-- Task statement --
In the entries that follow, repeat exactly the lines from the one that has "据路透社旗下媒体IFR援引消" through the one that has "A FRANKLIN D.", but omit pictures.

-- Task material --

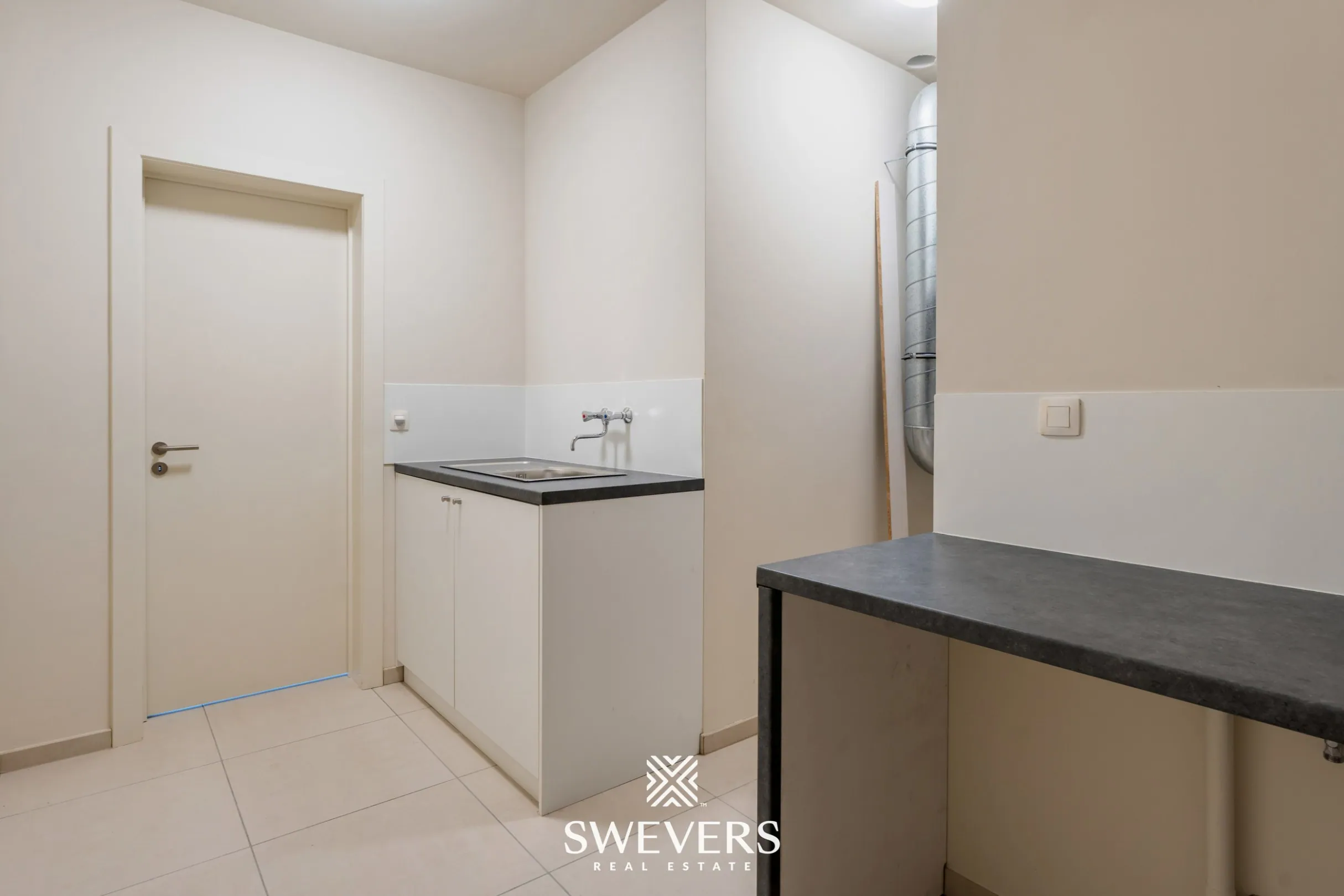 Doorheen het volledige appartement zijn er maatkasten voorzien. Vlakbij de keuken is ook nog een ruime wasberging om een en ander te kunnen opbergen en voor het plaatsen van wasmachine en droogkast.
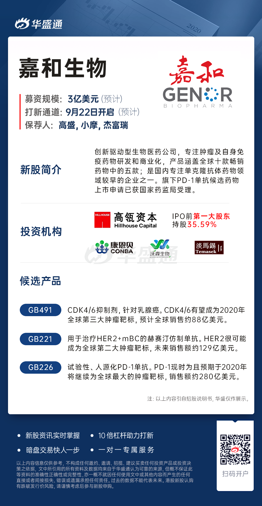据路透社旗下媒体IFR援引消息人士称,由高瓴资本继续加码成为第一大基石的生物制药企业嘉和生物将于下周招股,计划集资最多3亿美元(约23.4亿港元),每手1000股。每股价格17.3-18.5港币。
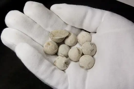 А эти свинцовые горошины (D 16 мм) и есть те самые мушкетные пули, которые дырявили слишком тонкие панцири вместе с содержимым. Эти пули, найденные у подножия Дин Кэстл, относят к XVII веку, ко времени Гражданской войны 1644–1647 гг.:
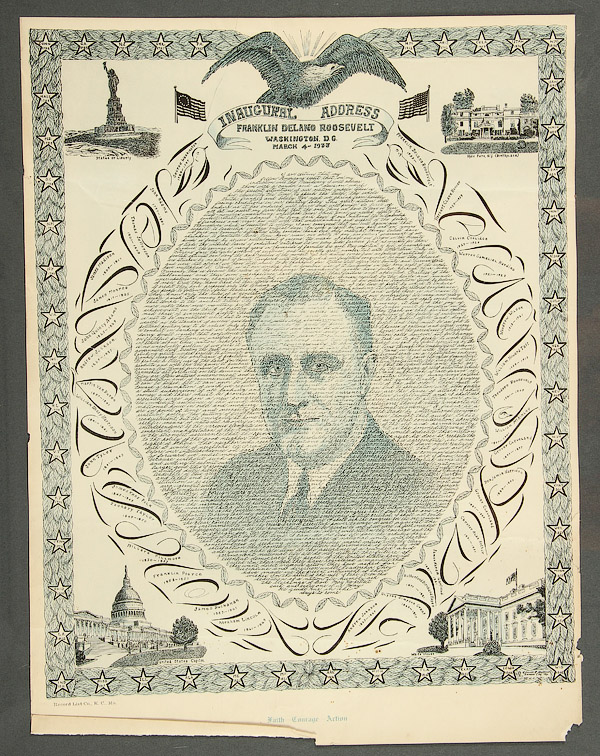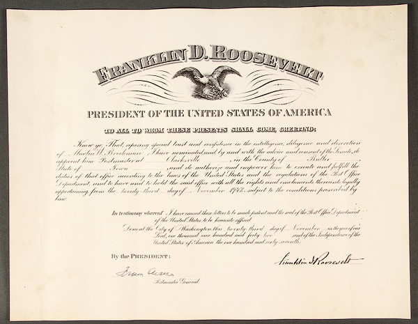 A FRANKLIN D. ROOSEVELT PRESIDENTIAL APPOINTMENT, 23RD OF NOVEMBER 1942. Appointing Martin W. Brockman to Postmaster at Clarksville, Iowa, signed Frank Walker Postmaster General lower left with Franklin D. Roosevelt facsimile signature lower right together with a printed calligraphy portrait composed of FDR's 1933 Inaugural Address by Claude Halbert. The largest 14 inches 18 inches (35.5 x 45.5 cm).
--
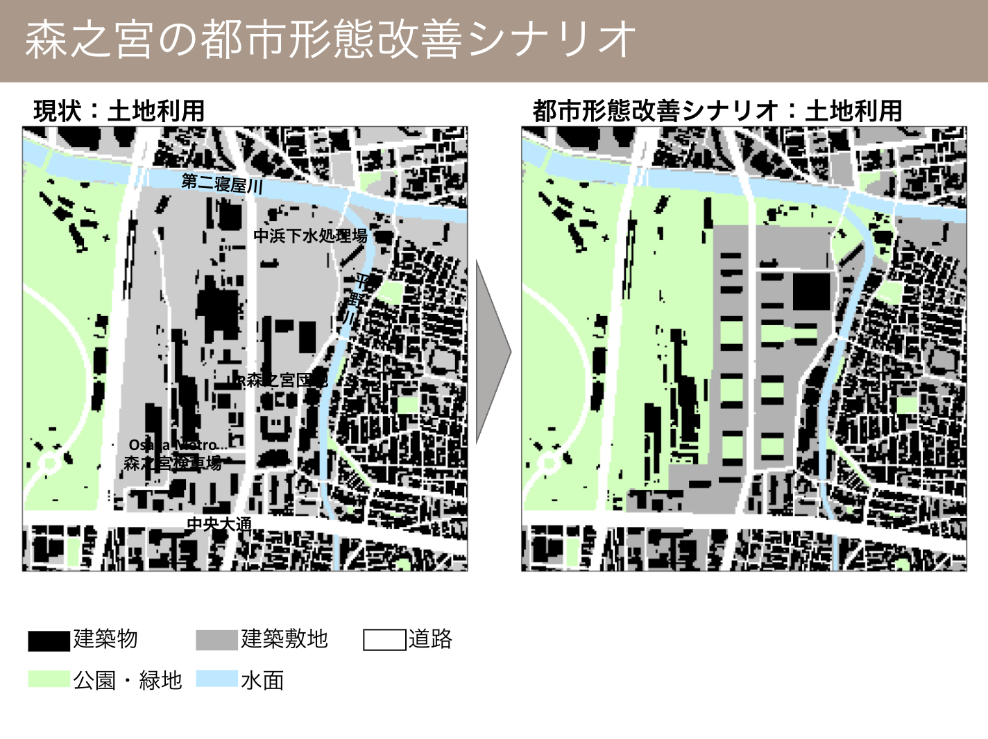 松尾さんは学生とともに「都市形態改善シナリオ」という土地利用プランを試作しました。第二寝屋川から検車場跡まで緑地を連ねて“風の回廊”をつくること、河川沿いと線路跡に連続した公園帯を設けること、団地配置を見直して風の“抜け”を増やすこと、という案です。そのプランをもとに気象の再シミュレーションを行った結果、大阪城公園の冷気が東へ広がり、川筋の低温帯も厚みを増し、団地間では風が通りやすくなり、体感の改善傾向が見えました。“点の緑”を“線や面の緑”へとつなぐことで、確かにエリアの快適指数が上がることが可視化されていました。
---
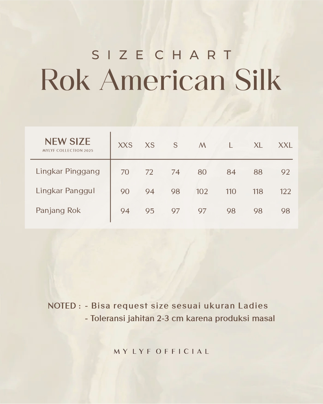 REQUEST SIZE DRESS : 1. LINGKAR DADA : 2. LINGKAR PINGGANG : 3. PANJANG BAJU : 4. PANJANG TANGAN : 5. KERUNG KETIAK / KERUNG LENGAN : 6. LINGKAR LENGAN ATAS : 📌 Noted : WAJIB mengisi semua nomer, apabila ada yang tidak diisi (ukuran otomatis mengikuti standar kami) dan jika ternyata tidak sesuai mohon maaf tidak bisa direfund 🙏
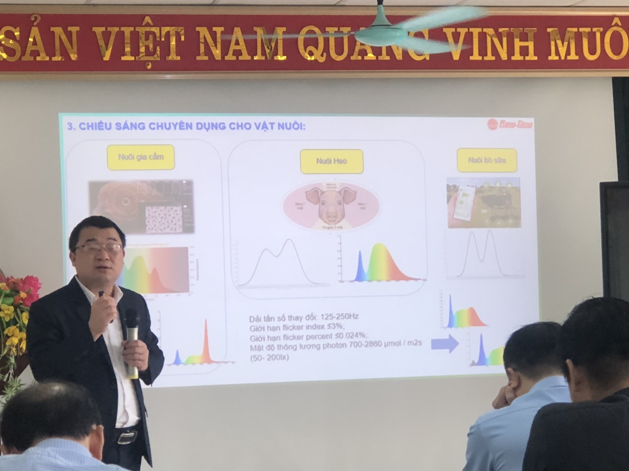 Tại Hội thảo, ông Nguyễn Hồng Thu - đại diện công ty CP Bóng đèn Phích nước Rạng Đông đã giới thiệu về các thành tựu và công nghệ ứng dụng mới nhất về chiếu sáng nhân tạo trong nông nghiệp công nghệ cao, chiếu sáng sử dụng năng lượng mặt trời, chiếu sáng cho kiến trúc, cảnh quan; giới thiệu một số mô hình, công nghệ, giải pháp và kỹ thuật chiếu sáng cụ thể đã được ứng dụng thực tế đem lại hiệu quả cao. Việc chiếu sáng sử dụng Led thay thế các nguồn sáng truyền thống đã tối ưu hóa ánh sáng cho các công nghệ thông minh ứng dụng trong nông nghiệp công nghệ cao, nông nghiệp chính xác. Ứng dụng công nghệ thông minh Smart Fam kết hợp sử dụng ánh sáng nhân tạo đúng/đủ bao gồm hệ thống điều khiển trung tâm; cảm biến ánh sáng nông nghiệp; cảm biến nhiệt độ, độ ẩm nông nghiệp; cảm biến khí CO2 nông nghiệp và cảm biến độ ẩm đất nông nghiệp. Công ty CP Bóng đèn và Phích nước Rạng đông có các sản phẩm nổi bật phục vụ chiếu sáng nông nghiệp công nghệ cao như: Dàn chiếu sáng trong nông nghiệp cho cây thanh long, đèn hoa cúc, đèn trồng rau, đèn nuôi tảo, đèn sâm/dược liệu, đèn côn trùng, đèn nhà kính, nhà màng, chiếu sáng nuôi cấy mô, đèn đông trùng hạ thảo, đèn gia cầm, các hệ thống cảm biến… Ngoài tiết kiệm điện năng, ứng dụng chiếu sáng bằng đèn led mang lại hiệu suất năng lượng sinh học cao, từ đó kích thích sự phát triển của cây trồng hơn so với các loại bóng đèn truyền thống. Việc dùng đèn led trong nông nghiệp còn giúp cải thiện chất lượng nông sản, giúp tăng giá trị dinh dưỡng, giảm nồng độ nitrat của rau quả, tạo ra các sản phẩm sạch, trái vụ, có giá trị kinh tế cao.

-- Result of this task --
据路透社旗下媒体IFR援引消息人士称,由高瓴资本继续加码成为第一大基石的生物制药企业嘉和生物将于下周招股,计划集资最多3亿美元(约23.4亿港元),每手1000股。每股价格17.3-18.5港币。
 А эти свинцовые горошины (D 16 мм) и есть те самые мушкетные пули, которые дырявили слишком тонкие панцири вместе с содержимым. Эти пули, найденные у подножия Дин Кэстл, относят к XVII веку, ко времени Гражданской войны 1644–1647 гг.:
 A FRANKLIN D. ROOSEVELT PRESIDENTIAL APPOINTMENT, 23RD OF NOVEMBER 1942. Appointing Martin W. Brockman to Postmaster at Clarksville, Iowa, signed Frank Walker Postmaster General lower left with Franklin D. Roosevelt facsimile signature lower right together with a printed calligraphy portrait composed of FDR's 1933 Inaugural Address by Claude Halbert. The largest 14 inches 18 inches (35.5 x 45.5 cm).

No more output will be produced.